A Regular Expression Problem

yeshuo · September 2, 2023, 7:03pm

>>> pattern = re.compile('\w+(?!\.com)')
>>> result = pattern.search('www_example123.com')
>>>
>>> print(result.group())
www_example12

I can’t understand why the result is like this?

I hope someone can tell me the specific implementation process

thanks

surfaceowl · September 2, 2023, 8:11pm

That result is returned because the regex of (?!\.com) is a negative lookahead, which makes sure whatever matches w+ is not the “.com”. Regex looks ahead after each possible \w+ match. WHen regex looks at www_example123 if would not find a match because .com is immediately after the w+ match… so what happens is the regex stops at www_example12 which leaves 3 between the match for w+ and the negative lookahead used (?!\.com).
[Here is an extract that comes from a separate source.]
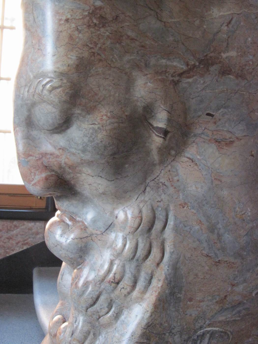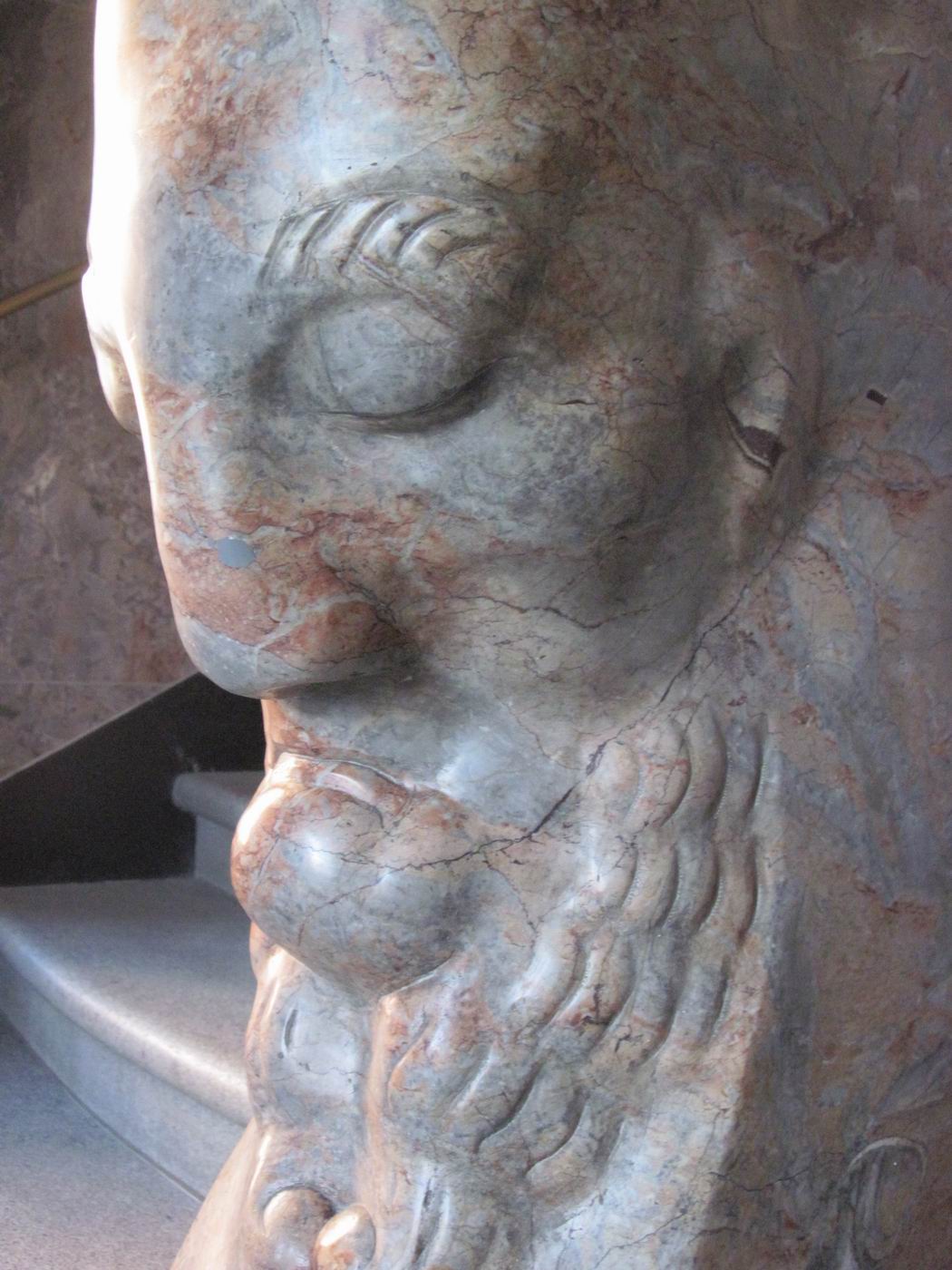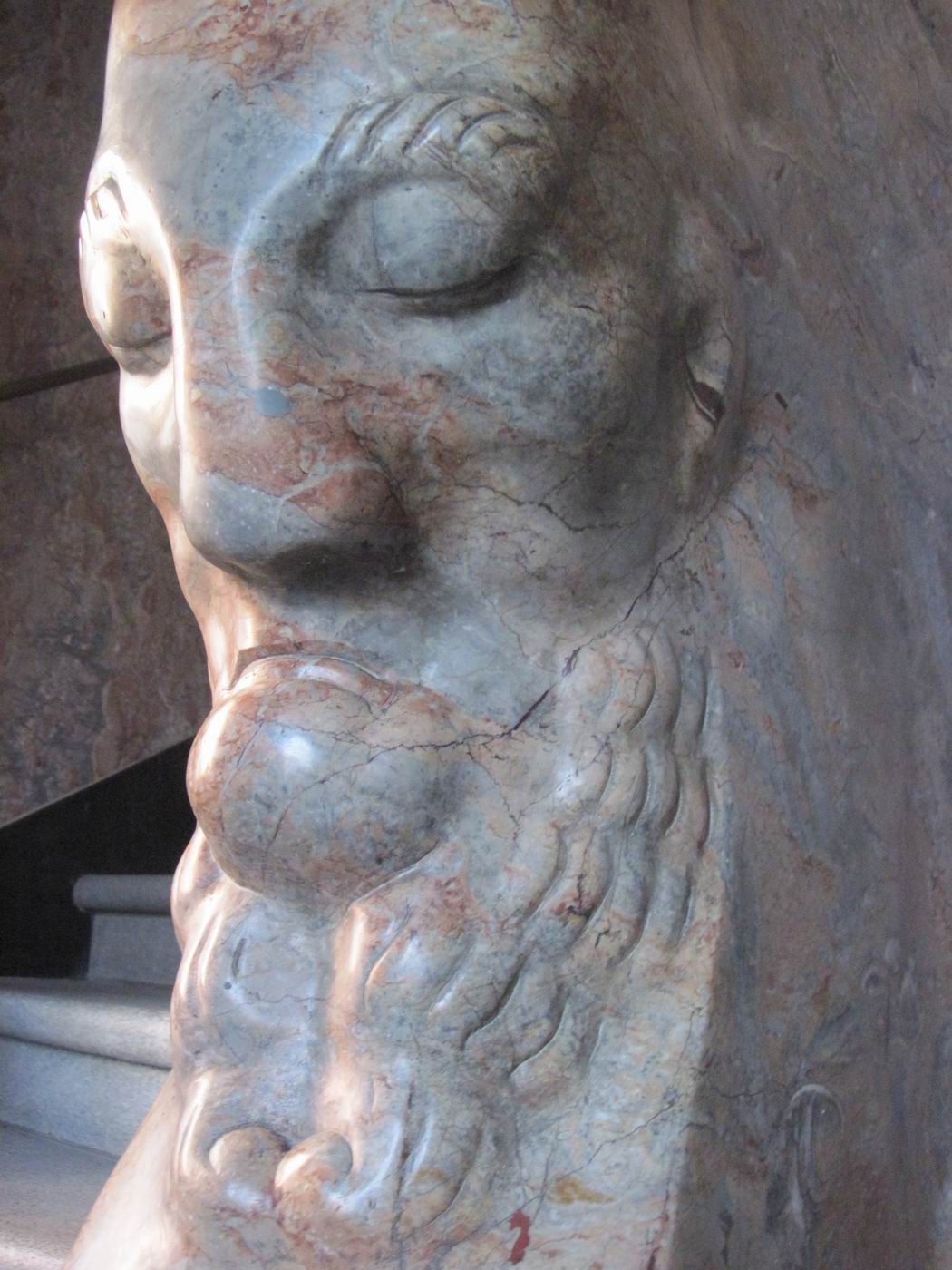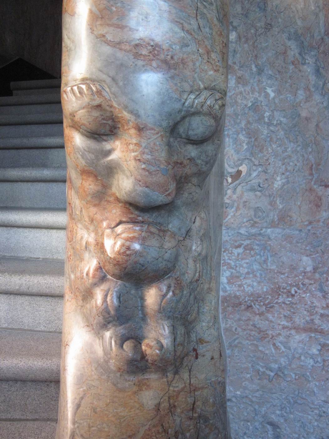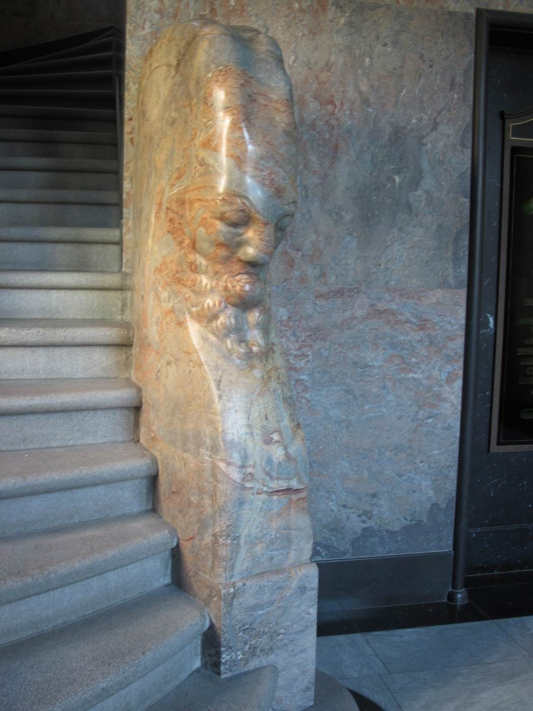 Der verschwiegene Steinbock als Bewacher der gebirgigen Höhen der Treppe: Ein Frühwerk aus Marmor, vielleicht Rosenlaui (Berner Oberland, rötliche Färbung) - in einer Repräsentationshalle an der Treppe. Hier zeigt sich dem erstaunten Betrachter, dass Probst nach so kurzen Jahren nach der Mobilmachung zum ersten. Weltkrieg und neben seinem Dienst in der Armee schon das Niveau zum ganz großen Meister erreicht hatte. Ein unglaublich beeindruckendes wie auch sehr schönes Werk. Die Fotografie kann davon nur eine Ahnung vermitteln. |

If you want to capture the full string www_example123, you could change the regex to use a positive lookahead, so that whatever is after w+ must be “.com”… something like: r'\w+(?=\.com) (notice the equals sign).

If you haven’t already, you could check out sites like https://regex101.com/ and play around with different regex expressions and target strings to get the intuition for a particular search.

kknechtel · September 3, 2023, 6:19pm

The regular expression means “one or more word characters, that are not followed by .com”.

So we cannot match www_example123, because it is followed by .com. We have to backtrack one more character from there.

storchaka · September 5, 2023, 4:12am

You may try to use possessive quantifier

r'\w++(?!\.com)'

or atomic group

r'(?>\w+)(?!\.com)'

gwerbin · September 5, 2023, 4:42am

Another solution might be to use a capture group: (\w+)\.com